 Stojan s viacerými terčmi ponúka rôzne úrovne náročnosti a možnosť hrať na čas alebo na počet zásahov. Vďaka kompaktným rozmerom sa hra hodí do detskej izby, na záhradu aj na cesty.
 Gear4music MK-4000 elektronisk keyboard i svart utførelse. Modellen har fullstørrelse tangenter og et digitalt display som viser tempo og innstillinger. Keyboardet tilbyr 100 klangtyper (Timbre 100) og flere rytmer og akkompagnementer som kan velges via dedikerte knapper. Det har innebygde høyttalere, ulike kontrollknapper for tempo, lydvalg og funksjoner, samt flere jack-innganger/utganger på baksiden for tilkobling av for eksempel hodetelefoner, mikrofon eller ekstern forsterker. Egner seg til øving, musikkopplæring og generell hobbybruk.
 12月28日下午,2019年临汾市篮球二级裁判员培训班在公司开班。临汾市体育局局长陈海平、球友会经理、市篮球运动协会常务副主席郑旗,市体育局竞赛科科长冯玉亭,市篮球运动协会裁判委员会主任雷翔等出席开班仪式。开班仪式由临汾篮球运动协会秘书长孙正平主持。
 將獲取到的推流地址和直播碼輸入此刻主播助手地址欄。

__________________________________________________

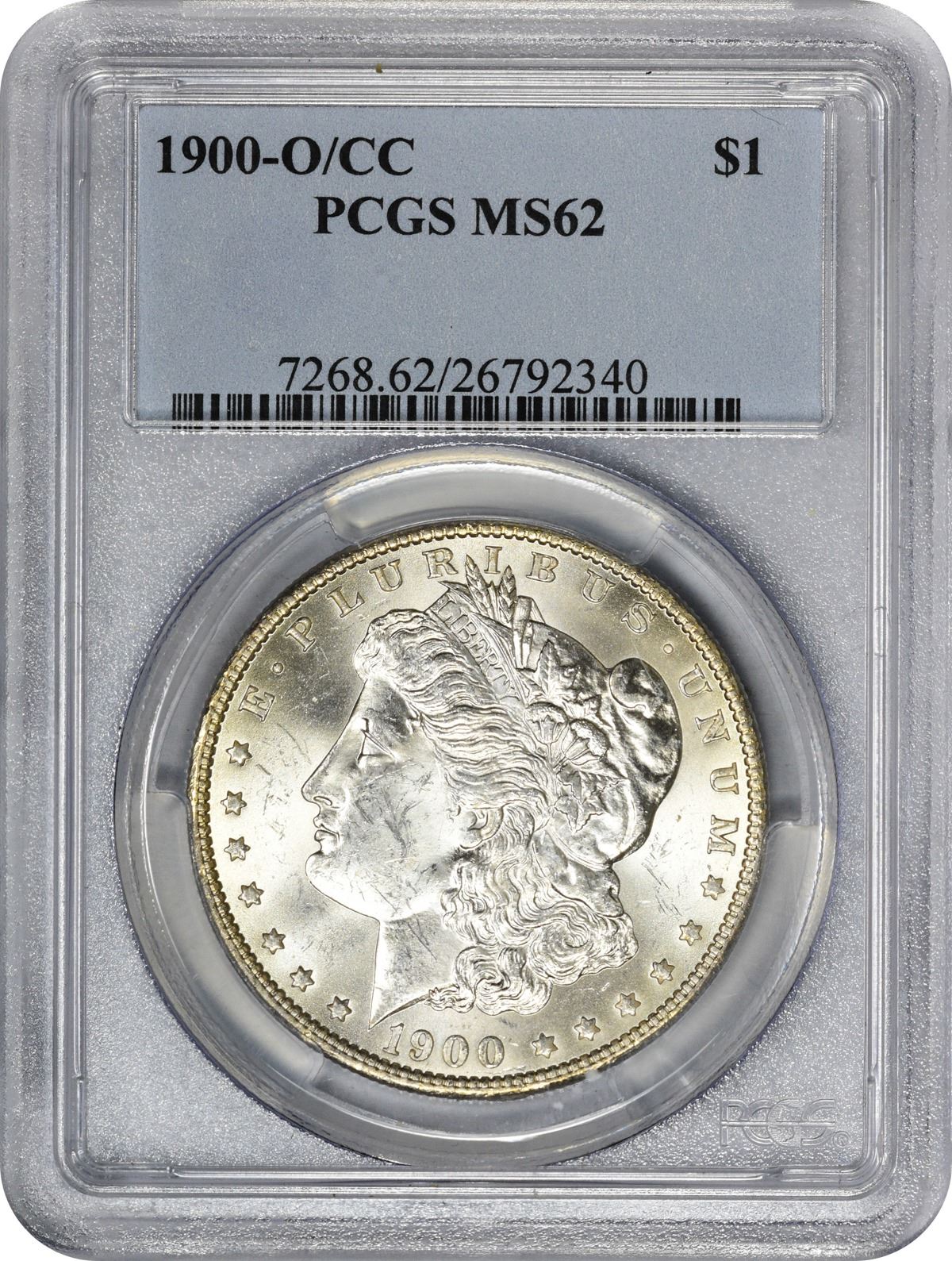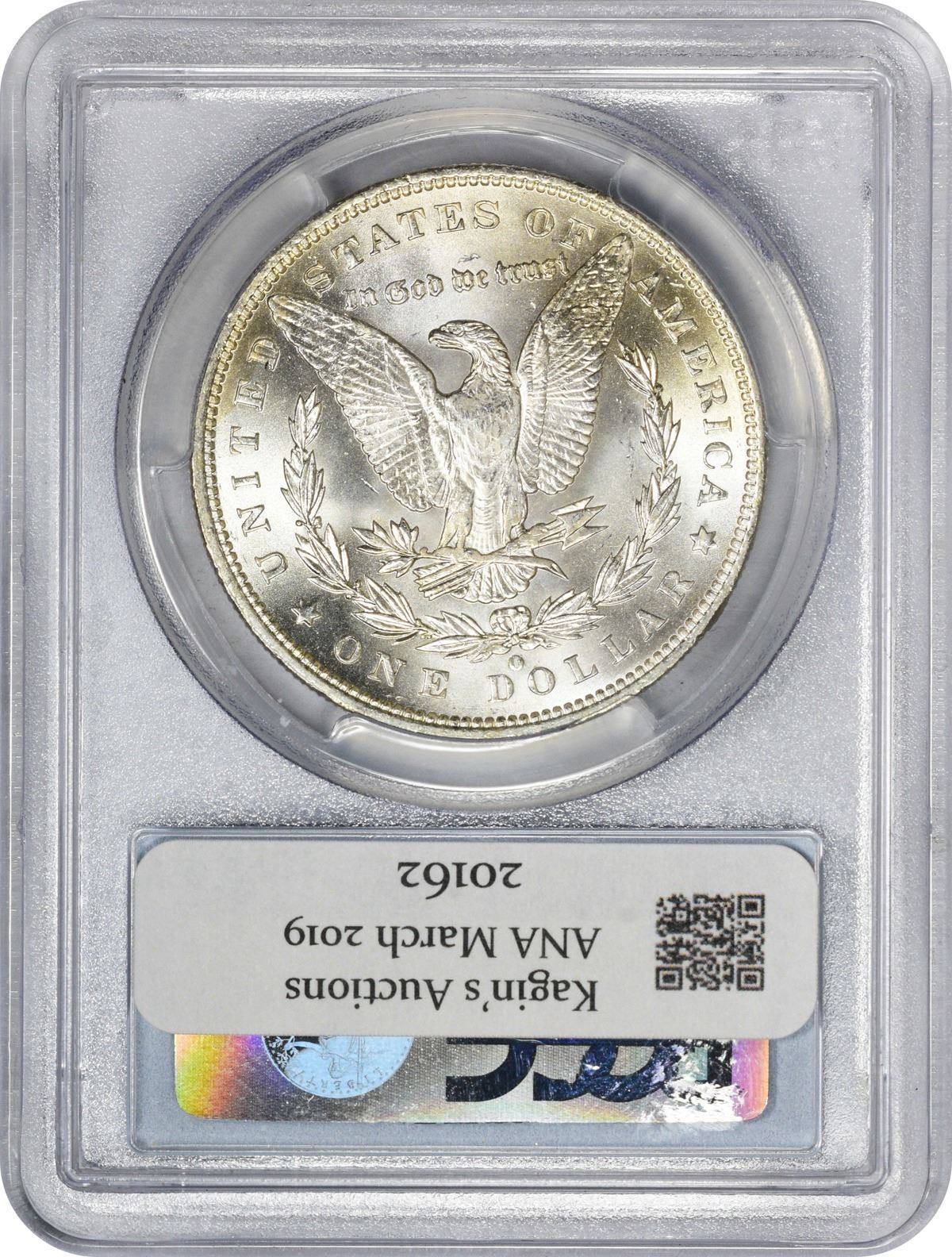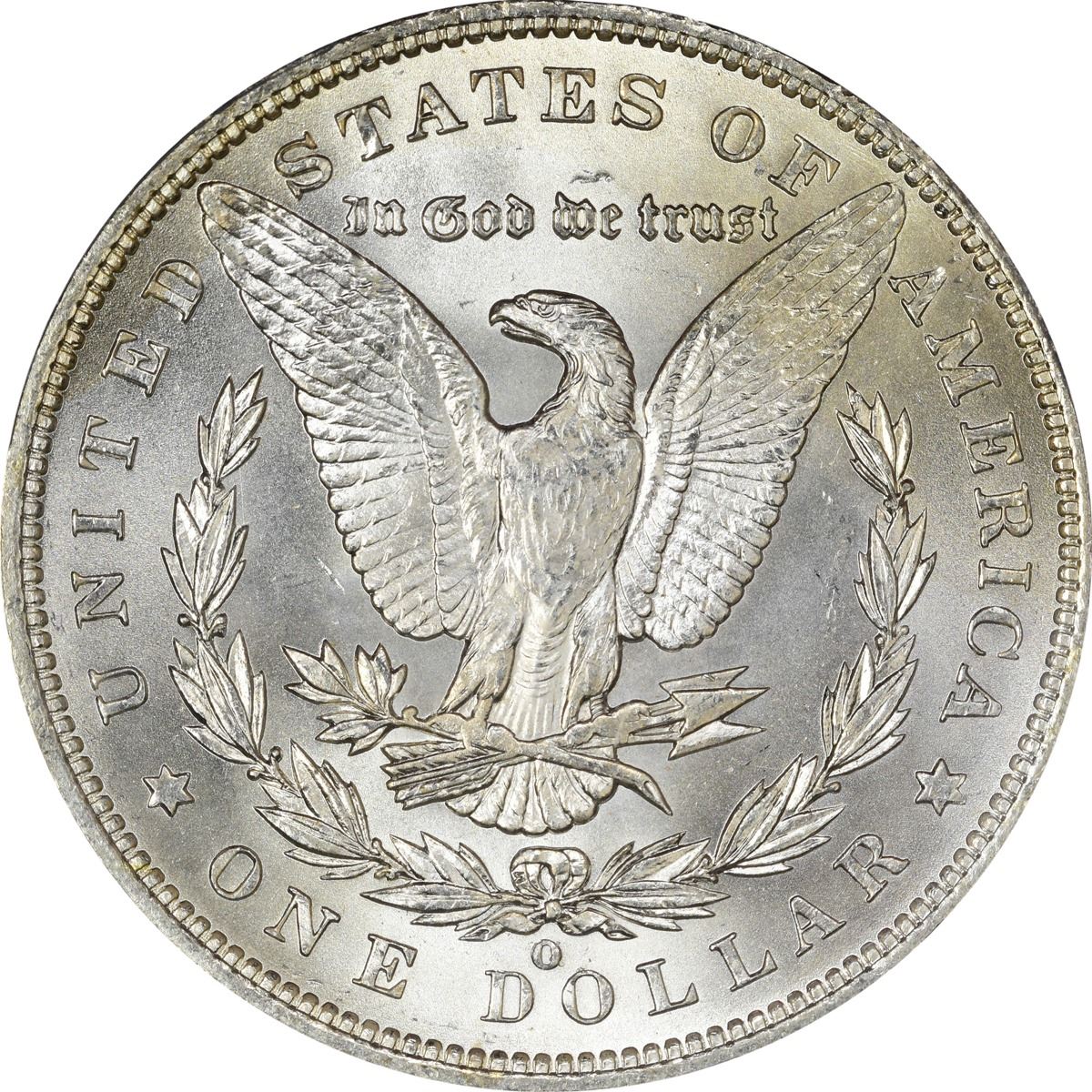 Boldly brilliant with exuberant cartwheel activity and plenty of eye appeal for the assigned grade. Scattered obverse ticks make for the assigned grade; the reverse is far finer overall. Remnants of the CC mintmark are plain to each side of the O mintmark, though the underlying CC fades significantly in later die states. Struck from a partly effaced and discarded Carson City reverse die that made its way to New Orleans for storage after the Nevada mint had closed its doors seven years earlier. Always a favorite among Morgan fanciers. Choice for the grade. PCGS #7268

__________________________________________________

Would you print exactly, and only, the lines of the data above from the line with "Stojan s viacerými" through the line with "將獲取到的推流地址和直播碼輸入此刻主播助手地址欄。", inclusive?

 Stojan s viacerými terčmi ponúka rôzne úrovne náročnosti a možnosť hrať na čas alebo na počet zásahov. Vďaka kompaktným rozmerom sa hra hodí do detskej izby, na záhradu aj na cesty.
 Gear4music MK-4000 elektronisk keyboard i svart utførelse. Modellen har fullstørrelse tangenter og et digitalt display som viser tempo og innstillinger. Keyboardet tilbyr 100 klangtyper (Timbre 100) og flere rytmer og akkompagnementer som kan velges via dedikerte knapper. Det har innebygde høyttalere, ulike kontrollknapper for tempo, lydvalg og funksjoner, samt flere jack-innganger/utganger på baksiden for tilkobling av for eksempel hodetelefoner, mikrofon eller ekstern forsterker. Egner seg til øving, musikkopplæring og generell hobbybruk.
 12月28日下午,2019年临汾市篮球二级裁判员培训班在公司开班。临汾市体育局局长陈海平、球友会经理、市篮球运动协会常务副主席郑旗,市体育局竞赛科科长冯玉亭,市篮球运动协会裁判委员会主任雷翔等出席开班仪式。开班仪式由临汾篮球运动协会秘书长孙正平主持。
 將獲取到的推流地址和直播碼輸入此刻主播助手地址欄。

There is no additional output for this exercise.